-- Collected data follows --
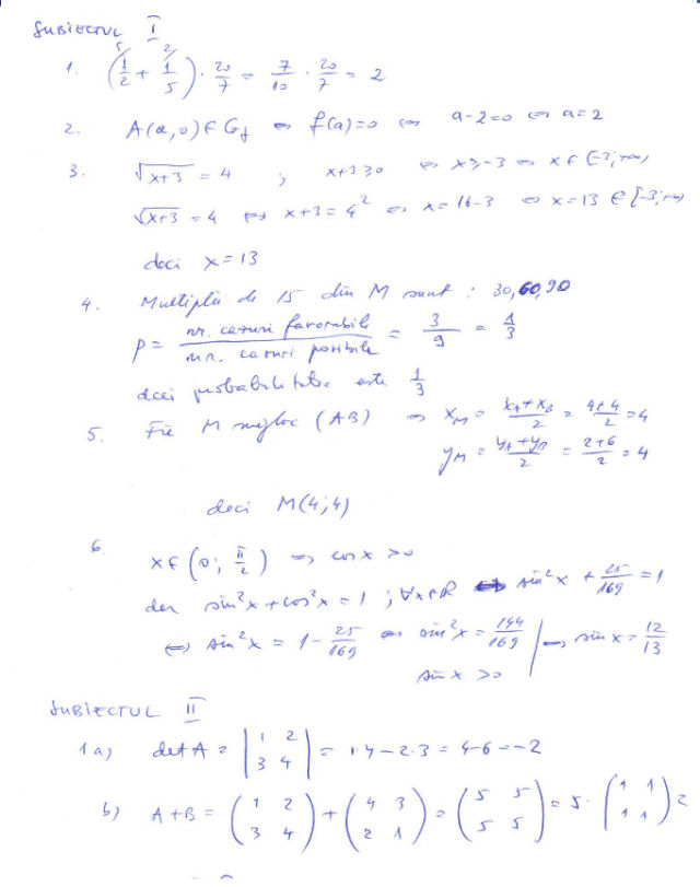REZOLVARE SUBIECTE BACALAUREAT 2015, la Matematică- Tehnologic
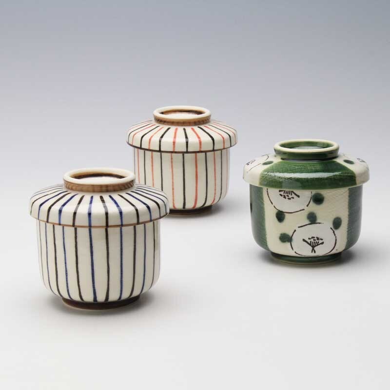 ■織部刷毛/藍色線條/彩色點點/點點漩渦/織部間取椿/十草(紅) ・径8.2cm×高さ6.7cm 含蓋:径9.2cm×高さ8.4cm
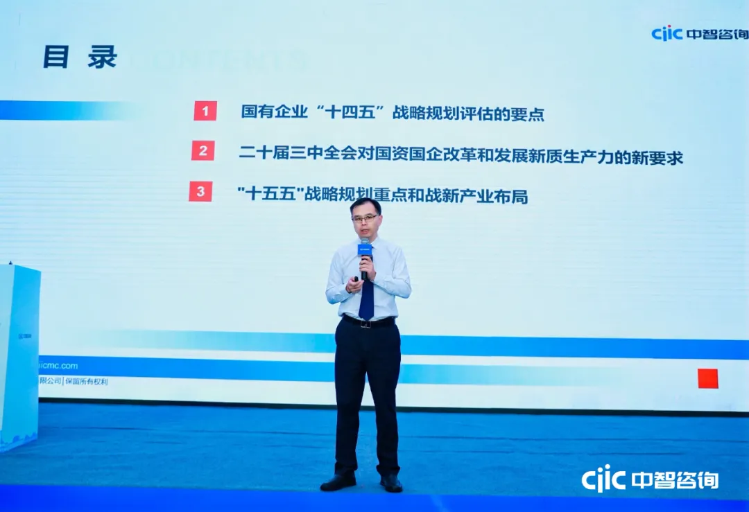 中智咨询党委委员、副总经理、高级合伙人陈和午博士在《聚焦战新产业布局和发展新质生产力,高质量谋划“十五五”战略规划》主题分享中,就国有企业“十四五”规划战略评估的四个维度、二十届三中全会对国资国企改革和发展新质生产力的新要求以及“十五五”战略规划的重点和战新产业布局进行展开分享。
-- Collected data concluded --
**Work order**.
Return the whole listing word for word, minus its pictures.

**Exercise answer**.
REZOLVARE SUBIECTE BACALAUREAT 2015, la Matematică- Tehnologic
 ■織部刷毛/藍色線條/彩色點點/點點漩渦/織部間取椿/十草(紅) ・径8.2cm×高さ6.7cm 含蓋:径9.2cm×高さ8.4cm
 中智咨询党委委员、副总经理、高级合伙人陈和午博士在《聚焦战新产业布局和发展新质生产力,高质量谋划“十五五”战略规划》主题分享中,就国有企业“十四五”规划战略评估的四个维度、二十届三中全会对国资国企改革和发展新质生产力的新要求以及“十五五”战略规划的重点和战新产业布局进行展开分享。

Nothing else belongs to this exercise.